What is being asked: The pictures stay out; everything else in the entries below must be returned exactly.

Recorded information:
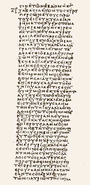 Септуагинта. Колонка унциального текста из Ватиканского кодекса. Середина IV в.
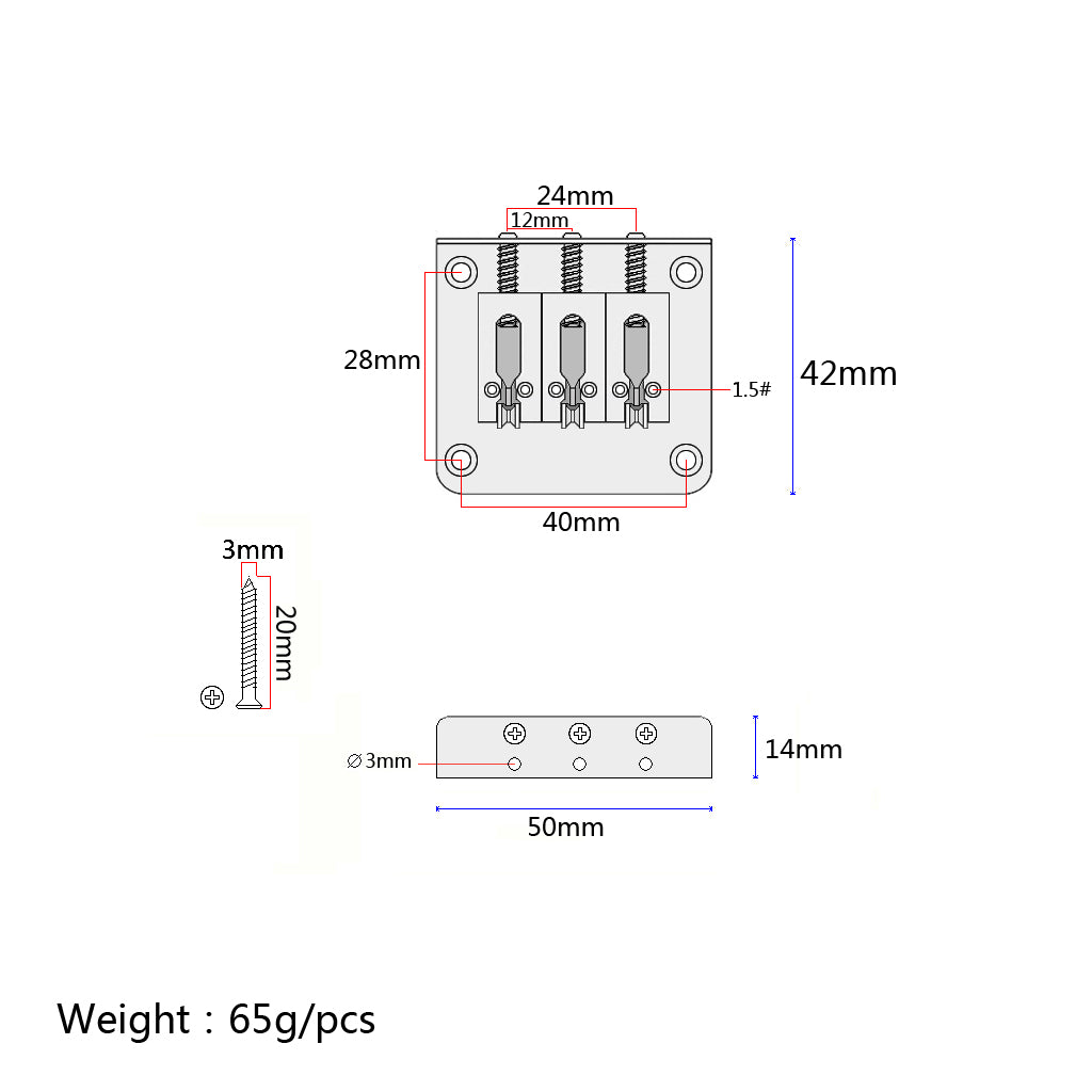 Cigar Box Guitar Parts 3 String Chrome/Black/Gold Hard Tail Adjustable Bridge
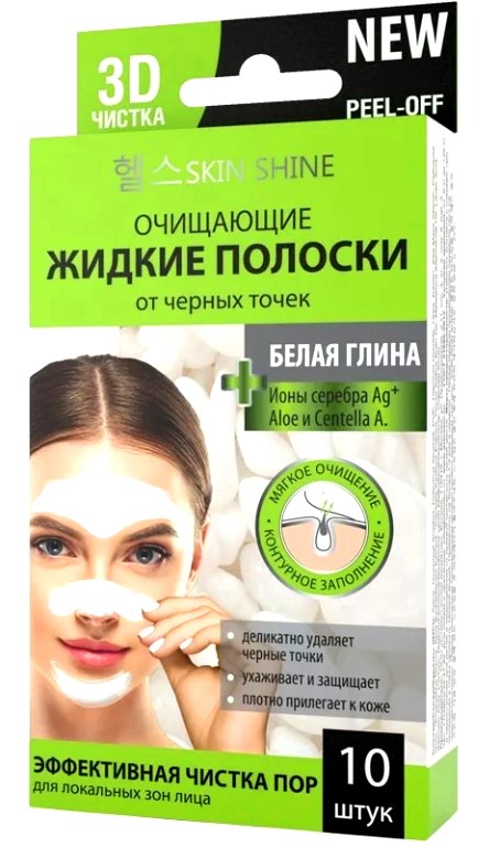 Nový unikátní přípravek pro hloubkové a jemné čištění pórů. Rychle odstraňuje černé tečky a pomáhá pečovat o pleť. Vhodné pro všechny typy pleti. Formulováno s ionty stříbra na ochranu před vlivy prostředí, podporuje rychlou obnovu poškozených oblastí, zklidňuje a hydratuje. Tekutý proužek: jedná se o originální maskovací film, který má speciální hustou gelovou texturu. Při zamrznutí na pokožce je elastický, odolný a funguje lépe než běžné čisticí proužky. Dokonale se opakuje při aplikaci tvaru nosu nebo jakékoli jiné části obličeje. Vyplňuje kontury i na těžko dostupných místech a ohybech, čímž je proces čištění černých teček maximálně efektivní. Bílý jíl absorbuje maz a nečistoty z pokožky, jemně čistí pokožku a zlepšuje její barvu. Ionty stříbra tonizují, stimulují regeneraci buněk a pomáhají chránit před agresivním působením škodlivých látek. Extrakt z aloe hydratuje, zklidňuje a činí pokožku hladkou.
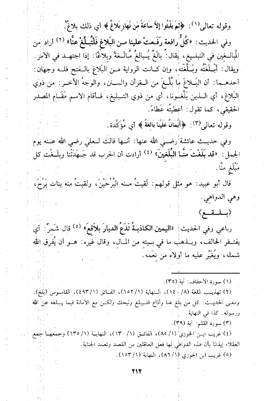 وفي الحديث: (كل رافعة رفعت علينا من البلاغ فلتبلغ عنا) أراد من المبالغين في التبليغ، يقال: بالغ يبالغ مبالغة وبلاغًا: إذا اجتهد في الأمر. ويقال: أبلغته وبلغته، وإن كانت الرواية من البلاغ بالفتح فله وجهان: أحدهما: أن البلاغ ما بلغ من القرآن والسنن، والوجه الآخر: من ذوي البلاغ، أي الذبن بلغونا، أي من ذوي التبليغ، فأقام الاسم مقام المصدر الحقيقي، كما تقول: أعطيته عطاءٌ.
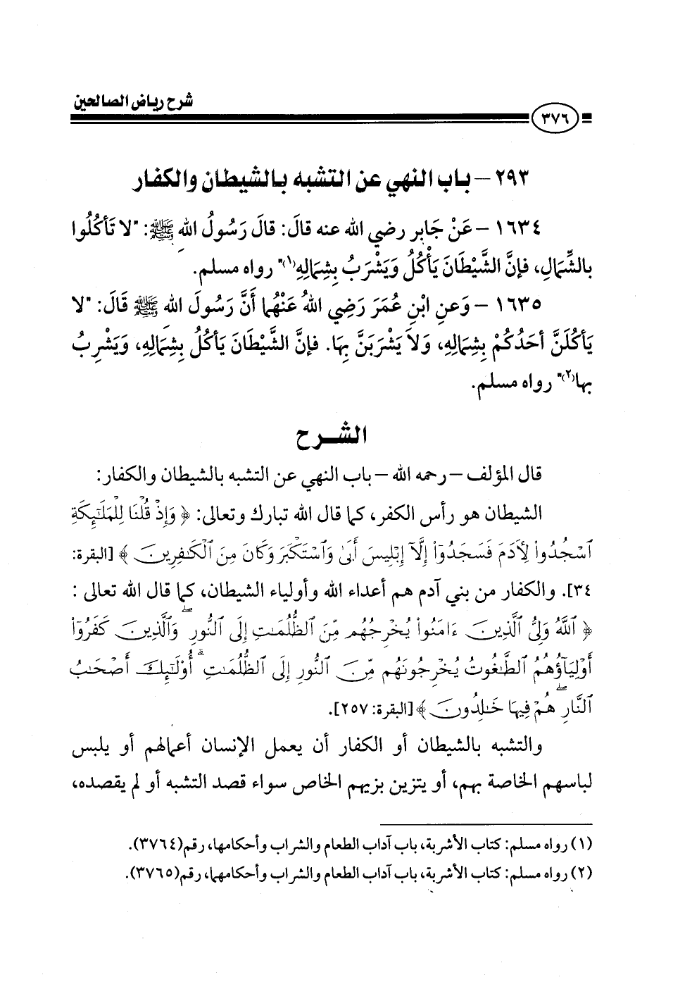 EXقال المؤلف في كتابه رياض الصالحين باب تحريم التشبه بالشيطان والكفار الشيطان هو رأس الكفر كما قال الله تعالى وَإِذْ قُلْنَا لِلْمَلَائِكَةِ اسْجُدُوا لِآدَمَ فَسَجَدُوا إِلَّا إِبْلِيسَ أَبَى وَاسْتَكْبَرَ وَكَانَ مِنَ الْكَافِرِينَ والكفار من بني آدم هم أعداء الله وأولياء الشيطان كما قال الله تعالى {اللَّهُ وَلِيُّ الَّذِينَ آمَنُوا يُخْرِجُهُمْ مِنَ الظُّلُمَاتِ إِلَى النُّورِ وَالَّذِينَ كَفَرُوا أَوْلِيَاؤُهُمُ الطَّاغُوتُ يُخْرِجُونَهُمْ مِنَ النُّورِ إِلَى الظُّلُمَاتِ أُولَئِكَ أَصْحَابُ النَّارِ هُمْ فِيهَا خَالِدُونَ} والتشبه بالشيطان أو الكفار أن يعمل الإنسان أعمالهم أو يلبس لباسهم الخاص بهم أو يتزين بزيهم الخاص سواء قصد التشبه أو لم يقصده
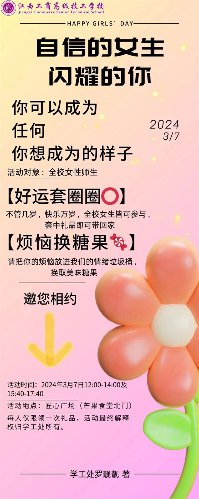 “快乐套圈圈”:不管几岁、快乐万岁,全校女性均可参与。3月7日12:00-14:00在匠心广场开展活动,凡到场女性参与活动均可获得套圈机会一次,套中了礼物就可以带回家,没有套中的女生也可获得玫瑰花一支。

Output of the task:
 Септуагинта. Колонка унциального текста из Ватиканского кодекса. Середина IV в.
 Cigar Box Guitar Parts 3 String Chrome/Black/Gold Hard Tail Adjustable Bridge
 Nový unikátní přípravek pro hloubkové a jemné čištění pórů. Rychle odstraňuje černé tečky a pomáhá pečovat o pleť. Vhodné pro všechny typy pleti. Formulováno s ionty stříbra na ochranu před vlivy prostředí, podporuje rychlou obnovu poškozených oblastí, zklidňuje a hydratuje. Tekutý proužek: jedná se o originální maskovací film, který má speciální hustou gelovou texturu. Při zamrznutí na pokožce je elastický, odolný a funguje lépe než běžné čisticí proužky. Dokonale se opakuje při aplikaci tvaru nosu nebo jakékoli jiné části obličeje. Vyplňuje kontury i na těžko dostupných místech a ohybech, čímž je proces čištění černých teček maximálně efektivní. Bílý jíl absorbuje maz a nečistoty z pokožky, jemně čistí pokožku a zlepšuje její barvu. Ionty stříbra tonizují, stimulují regeneraci buněk a pomáhají chránit před agresivním působením škodlivých látek. Extrakt z aloe hydratuje, zklidňuje a činí pokožku hladkou.
 وفي الحديث: (كل رافعة رفعت علينا من البلاغ فلتبلغ عنا) أراد من المبالغين في التبليغ، يقال: بالغ يبالغ مبالغة وبلاغًا: إذا اجتهد في الأمر. ويقال: أبلغته وبلغته، وإن كانت الرواية من البلاغ بالفتح فله وجهان: أحدهما: أن البلاغ ما بلغ من القرآن والسنن، والوجه الآخر: من ذوي البلاغ، أي الذبن بلغونا، أي من ذوي التبليغ، فأقام الاسم مقام المصدر الحقيقي، كما تقول: أعطيته عطاءٌ.
 EXقال المؤلف في كتابه رياض الصالحين باب تحريم التشبه بالشيطان والكفار الشيطان هو رأس الكفر كما قال الله تعالى وَإِذْ قُلْنَا لِلْمَلَائِكَةِ اسْجُدُوا لِآدَمَ فَسَجَدُوا إِلَّا إِبْلِيسَ أَبَى وَاسْتَكْبَرَ وَكَانَ مِنَ الْكَافِرِينَ والكفار من بني آدم هم أعداء الله وأولياء الشيطان كما قال الله تعالى {اللَّهُ وَلِيُّ الَّذِينَ آمَنُوا يُخْرِجُهُمْ مِنَ الظُّلُمَاتِ إِلَى النُّورِ وَالَّذِينَ كَفَرُوا أَوْلِيَاؤُهُمُ الطَّاغُوتُ يُخْرِجُونَهُمْ مِنَ النُّورِ إِلَى الظُّلُمَاتِ أُولَئِكَ أَصْحَابُ النَّارِ هُمْ فِيهَا خَالِدُونَ} والتشبه بالشيطان أو الكفار أن يعمل الإنسان أعمالهم أو يلبس لباسهم الخاص بهم أو يتزين بزيهم الخاص سواء قصد التشبه أو لم يقصده
 “快乐套圈圈”:不管几岁、快乐万岁,全校女性均可参与。3月7日12:00-14:00在匠心广场开展活动,凡到场女性参与活动均可获得套圈机会一次,套中了礼物就可以带回家,没有套中的女生也可获得玫瑰花一支。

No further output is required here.